Возле скамеечки, на которой любила сиживать в сезон тетя Тамара и лузгать семечки, сплевывая себе под ноги, стояли двое. Двое мужчин при полном параде. Из-под распахнутых курток торчали пиджаки, светлые сорочки и галстуки. В руках у каждого было по букету роз, соперничавших разве что оттенком упаковочной бумаги. Во всем остальном все было почти идентичным.
Розы были красными, букетные охапки внушительными, решимость на лицах мужчин непрозрачной.
— Господи боже мой! — ахнула Даша и поспешила укрыться за Прокофьевым, когда оба шагнули от скамейки к ней и одновременно протянули ей цветы. — Что это, Гарик?!
— Это не что, — отчетливо скрипнул тот зубами, поймал Дашу за карман куртки и еще глубже задвинул за себя. — Это кто, Даша! Это Королев и Муратов, мать их… Оба с букетами и оба, думается мне, с намерениями.
Ударение Гарик умышленно сделал на втором «е» и тон приложил соответствующий, чтобы изгадить торжественность момента, но в душе его торжества не случилось.
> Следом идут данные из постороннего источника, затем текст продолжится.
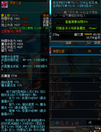 85级的传说念珠武器,可以从拍卖行中直接购买。除了削血效果外,每当有一个敌人死亡的时候,可以发动三项随机的属性,其中智力+36这一项最高可以叠加10次,简直就是白图利器。

Тут же изругал себя, дурака такого.
«Вот мужики так мужики! — подумал он с досадой. — И при галстуках, и при букетах, а ты! Что ты-то, олух царя небесного?! Мало того что слов никаких приличных не знаешь. И не додумался хоть цветочек какой-нибудь ей подарить. Так еще и жрать явился к ней на халяву. Идиот!!!»
Опустив глаза долу, Гарик к имеющейся предвзятости в свой адрес добавил замызганные вусмерть ботинки, вымокшие и заляпанные грязью брюки, вспомнил про щетину и отвратительный прыщ на виске и расстроился теперь уже окончательно.
— Даша! — начал между тем торжественно Володя Королев, опередив соперника на один воробьиный шаг. — Нам нужно очень срочно и очень серьезно поговорить!
— Нам тоже, между прочим, — поддакнул Муратов, посмотрев на Королева как-то странно, будто узнавая. — И я пришел сюда первым. Вернее, приехал. А этот вот… — Он махнул в Королева букетом, едва не задев тому по физиономии острыми шипами. — Увидал и повторил за мной все точь-в-точь. И костюм, и галстук, и цветы. Ну никакой индивидуальности! Что за народ!
— А мне плевать, кто первый, кто второй! — вдруг непривычно громко и грубо проговорил Королев, нависая над Муратовым с явной и преднамеренной угрозой. — Мне не плевать на эту девочку, которая может оказаться в руках такого подонка, как ты! И вообще… Ее брат всегда хотел, чтобы мы с ней поженились.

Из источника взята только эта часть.